Take your list of 5 topics that you wrote about and consider a few things about them:
- Which one did you choose first?
- Which is the most interesting topic to you, now that you have written about it a little?
- Is the most interesting topic the same one you picked first?
- Are there other topics that came to mind as you wrote about these 5?
Sometimes the first thing that pops into our head seems silly or out of context, but can lead to other ideas... Let's see how this process might lead to a more concentrated research inquiry.
- Spend about 15 minutes making a list of questions about your topic that you would like to have answered. This could be as specific or general a question as you want, but it needs to address your topic in a way that you aren't already familiar with it. If you have trouble coming up with questions right away, think about how other people might interact with your topic and what they might ask you about it.
- Share your questions with your neighbor and help each other select one or two questions that "focus" the topic in some way. Try to use questions that allow many possible answers and can lead to new discoveries.
- Using Bell Library databases, search for articles that relate to your question. Try using key words from your questions in your searches and change them up if you aren't having any luck. I will come around and help out where I can.
- Once you have located a few reasonable sources, write down their titles and their call numbers from our periodical shelves. Save them for your homework this weekend!
- Now lets try investigating some books. This is a little more challenging, because oftentimes books contain more information than just the topic we are looking to investigate. This means you may have to do some searching outside the classroom!
- Once you have found a book that may relate to your topic, write down the necessary information and save it with your article info.
- You've got your first leads! Congratulations!
- Did this help you get started in the right direction?
- Was there anything about this process that you found challenging?
- Do you feel comfortable doing more of this on your own, or are you feeling lost about it?
- The sources you found today may or may not end up on your bibliography. Don't feel as though today's exercise is the only way to approach this. We will look at some different ways to research you topic next week, but utilizing the Bell Library's resources is often the most effective use of your tuition money, in terms of research.

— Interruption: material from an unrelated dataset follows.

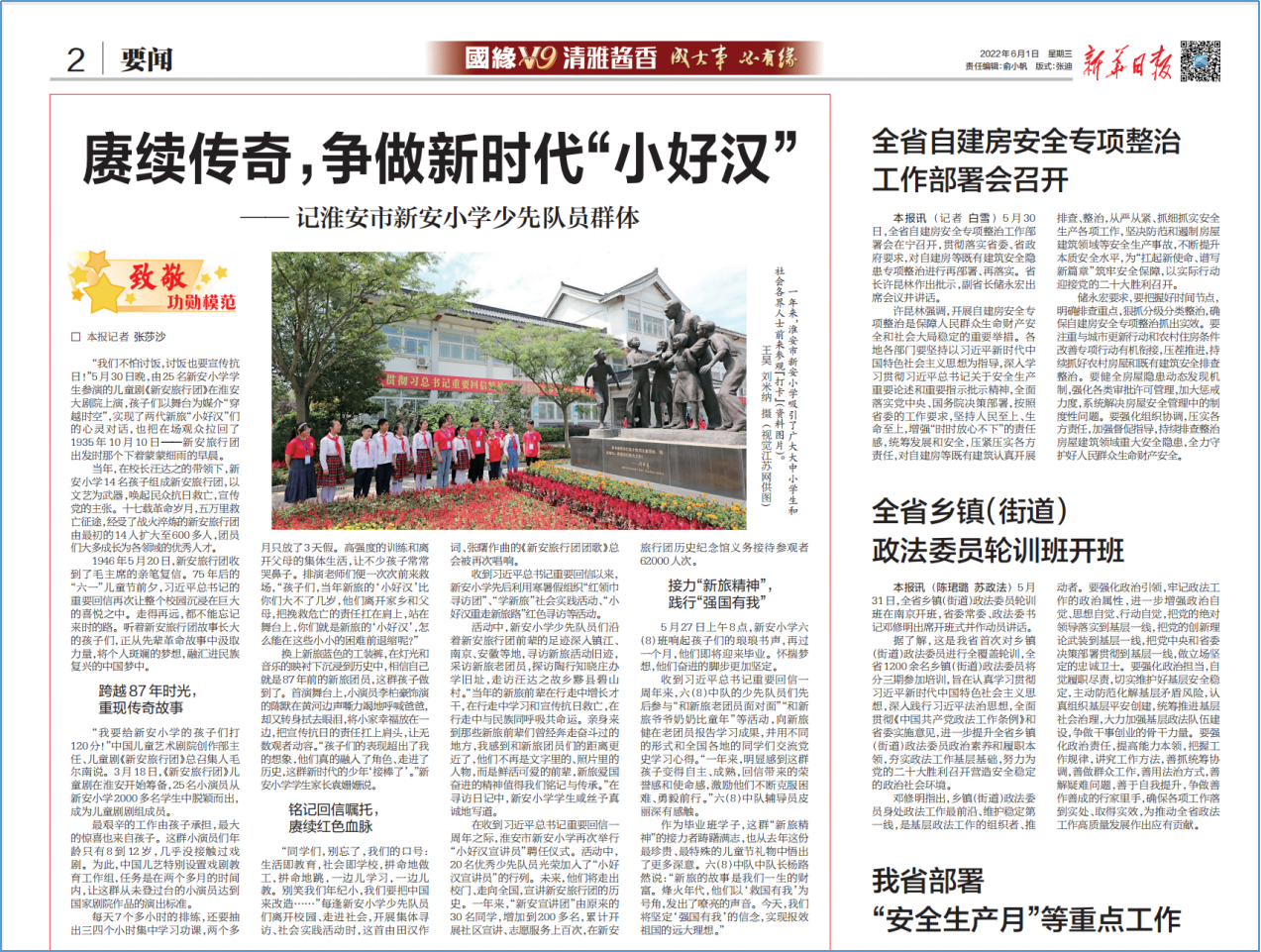 2023年3月5日,习近平总书记参加十四届全国人大一次会议江苏代表团审议,淮安市新安小学校长张大冬代表发言说:“孩子们听说我要来北京参加全国两会,他们有许多心里话想对总书记说。”习近平总书记高兴地回应道:“给孩子们问好啊!”2021年儿童节前夕,习近平总书记回信勉励新安小学五(8)中队少先队员,要“结合自身成长学好党史,以英雄模范人物为榜样,从小坚定听党话、跟党走的决心,刻苦学习,树立理想,砥砺品格,增长本领”。

Think about any questions you have about using the databases or card catalog and bring them with you on Tuesday.
Which leads to...
- Take the sources that you have found today and find them in the library.
- When you search for your book, spend a few extra minutes looking at the books around it on the shelf. Browse through them and look at the table of contents. Do any of them sound like they might benefit your investigation? If so, grab them too!
- Bring at least one source with you on Tuesday and be prepared to discuss why it stood out to you as relevant to your topic.